Immune thrombocytopenic purpura is a diagnosis of exclusion. Among the other causes of thrombocytopenia like hematological malignancies or infiltration of bone marrow by cancer cells were ruled out by bone marrow biopsy. Autoimmune or viral causes were excluded by laboratory work-up. Finally, the diagnosis of ITP related to carcinoma tongue was reached. Patient received pulse therapy of methylprednisolone for 3 days. Post-methylprednisolone pulse therapy, her platelet count raised to 1.8 L/cu mm. It was followed by oral steroid therapy with dosage of 1 mg/kg/day. She was followed up after 1 month, that time her platelet count raised to 2.2 L/cu mm.
DISCUSSION
In ITP, there is immune-mediated destruction of platelets and inhibition of platelet release from megakaryocytes. ITP, an acquired disorder, is mostly primary but it can occur secondary to autoimmune disorders, infections, such as HIV, Hepatitis C, H. pylori, lymphoid neoplasms and in some cases of solid tumors.4,5 Lung and breast cancers are most commonly reported to be associated with ITP.5
This patient is an example, where ITP occurred secondary to a solid tumor (carcinoma tongue) with clinical course concomitant to the course of malignancy. Her blood picture was normal when she was diagnosed with infiltrating squamous cell carcinoma. She presented with ITP within a short span of time after the diagnosis of carcinoma tongue and responded well to the prescribed steroid therapy. Immune thrombocytopenic purpura stayed in remission even after 2 months of follow-up period.

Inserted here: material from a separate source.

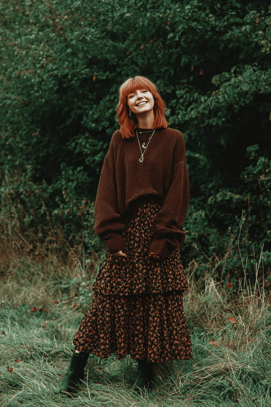 33. Country walk: wool jumper, corduroy skirt, shawl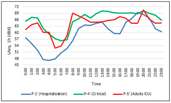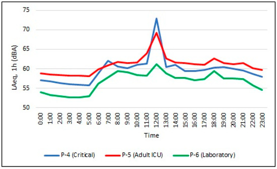 Measurement points 4, 5, and 6 correspond to the back façade. As in the main façade, the graph of the daily pattern of the equivalent levels of one hour (LAeq/1h) was obtained (Figure 6). From this graph, the first conclusion that can be drawn is that points 4, 5, and 6 follow the same pattern of daily evolution. This confirms that the whole back façade is affected by the same noise sources. Due to the shape of the rear façade of JRJHU, i.e., not continuous but rather scattered, the Laboratory façade is further away (16 m) from the perimeter road, which would cause an attenuation of approximately 5 dBA compared with the Adult ICU. This proves that the Laboratory graph is parallel to that of Adult ICU but about 5 dBA below it. In all of them, the minimum levels occur between 03:00 and 05:00, and the maximum levels at 12:00, with relative peaks at 07:00 and 18:00. Appendix A includes the graphs of the Daily evolution of LAeq/10s of the three points for the back façade.

This mentioned case supports the relationship between the immune disease and carcinoma tongue. As chemotherapy was not yet started in this patient, so the effect of chemotherapy in inducing remission of ITP in this case, cannot be commented upon. In due course of time, treatment of the primary tumor will be started and the clinical course of ITP will be followed up. Further research and studies should be conducted in this direction.
REFERENCES
1. Hugli S, Hugli A, Simonetta F, Chalandon Y. A rare case of immune thrombocytopenia secondary to breast cancer. Clin Case Rep 2019;7(1):170–174. DOI: 10.1002/ccr3.1939.
2. Peffault de Latour R, Des Guetz G, Laurence V, et al. Breast cancer associated with idiopathic thrombocytopenic purpura. Am J Clin Oncol 2004;27(4):333–336. DOI: 10.1097/01.coc.0000071461.61445.9a.
3. Visco C, Rodeghiero F. Immune thrombocytopenia in lymphoproliferative disorders. Hematol Oncol Clin N Am 2009;23:1261–1274. DOI: 10.1016/j.hoc.2009.08.006.
4. Lambert MP, Gernsheimer TB, Clinical updates in adult immune thrombocytopenia. Blood J 2018;129(21):2829–2835. DOI: 10.1182/blood-2017-03-754119.
5. Krauth MT, Puthenparambil J, Lechner K. Paraneoplastic autoimmune thrombocytopenia in solid tumors. Crit Rev Oncol Hematol 2012;81:75–81. DOI: 10.1016/j.critrevonc.2011.02.004.